Closed bararchy closed 8 years ago
Very interesting! The fact that the classifier doesn't have a competing classification may be the root cause. When not_a_number
is empty, the classifier only has one classification that it could possibly pick – null
is not an option, and even if the match is some infinitesimal number or 0 itself, it's the only classification we know about so match it.
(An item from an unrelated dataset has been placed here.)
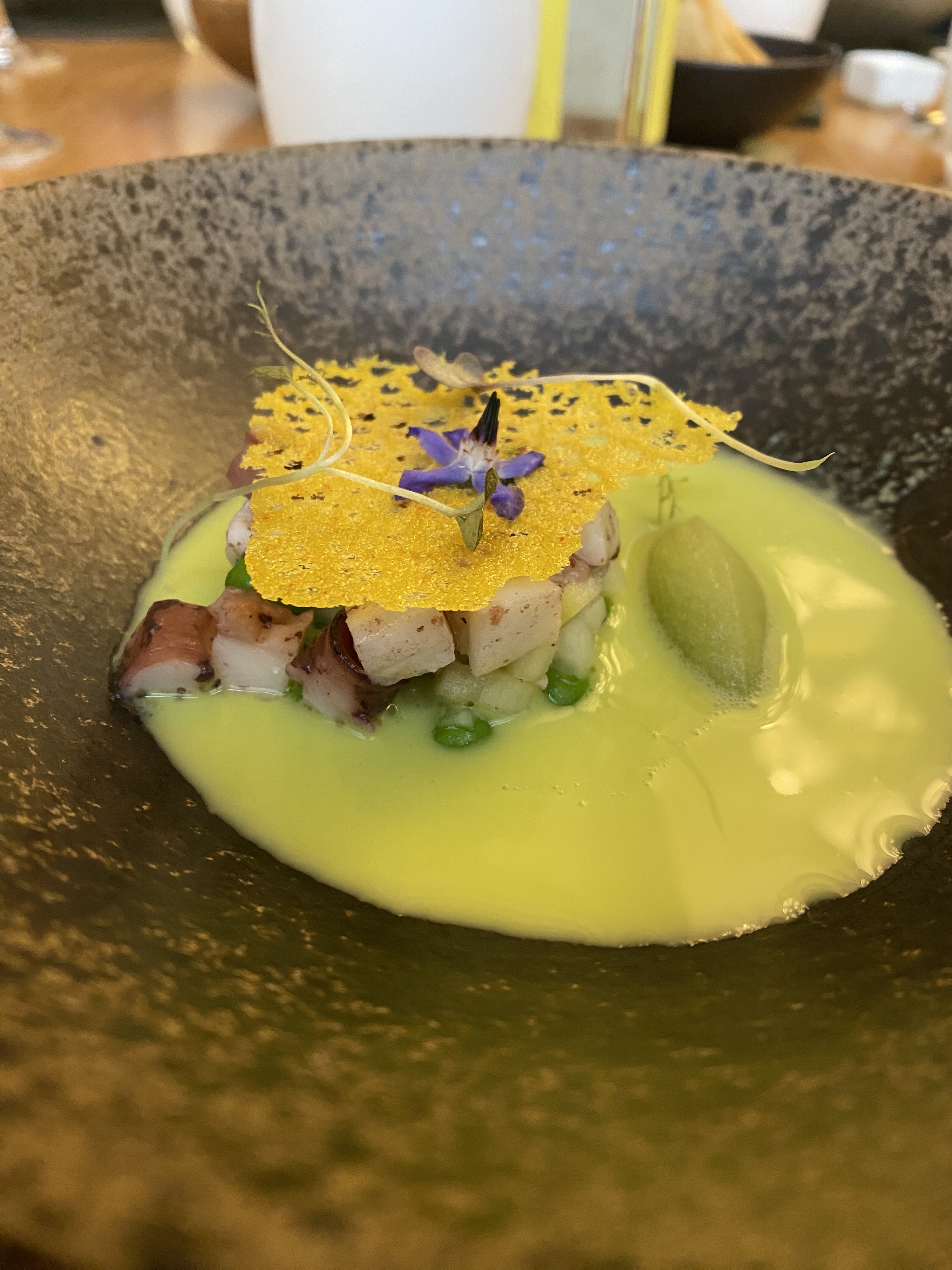 Plats exquis, nous avons pris un menu en 5 temps avec 2 verres de vin chacun et c'était juste incroyable ! Les quantités sont parfaites, les produits sont locaux et délicieux et le tout est parfaitement travaillé. Un délice à la hauteur de sa réputation !

Solution would be to say match coefficient must be > 0
– even if infinitesimal – and if the match coefficient is 0, then return null
. It's a breaking change of the API, though, so maybe we could just return ""
.
[13] pry(main)> number_finder.classify("5")
=> "A number"
[14] pry(main)> number_finder.classify("15 and more numbers")
=> "A number"
[15] pry(main)> number_finder.classify("numbers")
=> "A number"
[16] pry(main)> number_finder.classify("lol wut ?")
=> "A number"
[17] pry(main)> number_finder.classify("Is this a Bug ? ")
=> "A number"
[18] pry(main)> number_finder.classify("")
=> "A number"
@parkr Will it be too bad to say something like: "if value is not classified in category 'a', then, even though category 'b' is empty, it belongs there" ?
Maybe if I give an example of my usage it will be easier to understand my need to leave one category empty.
I'm using this gem to learn HTTP Traffic, I'm setting it to "Training Mode" and show it what "normal traffic" looks like, then, I want it to check traffic and if the classification isn't "normal traffic" then it is "suspicious traffic" and I drop the packet.
Right now it only works if I show it what "suspicious traffic" looks like, but this creates kind of a 'black list' situation, and I want more of a 'white list' approach
I'm just getting back from vacation I'll take a look soon
@Ch4s3 Hi, did you manage to see what's going on here ?
Sorry, I got bogged down catching up at work. It's on my radar though.
This is akin to a "none of the above" kind of classification where given a set of categories if the best fit is less than some threshold then a result indicating "none of the above" or :unknown is returned.
@MadBomber Good point, this is exactly the answer I was looking for from the classifier :) I hope it could be implemented.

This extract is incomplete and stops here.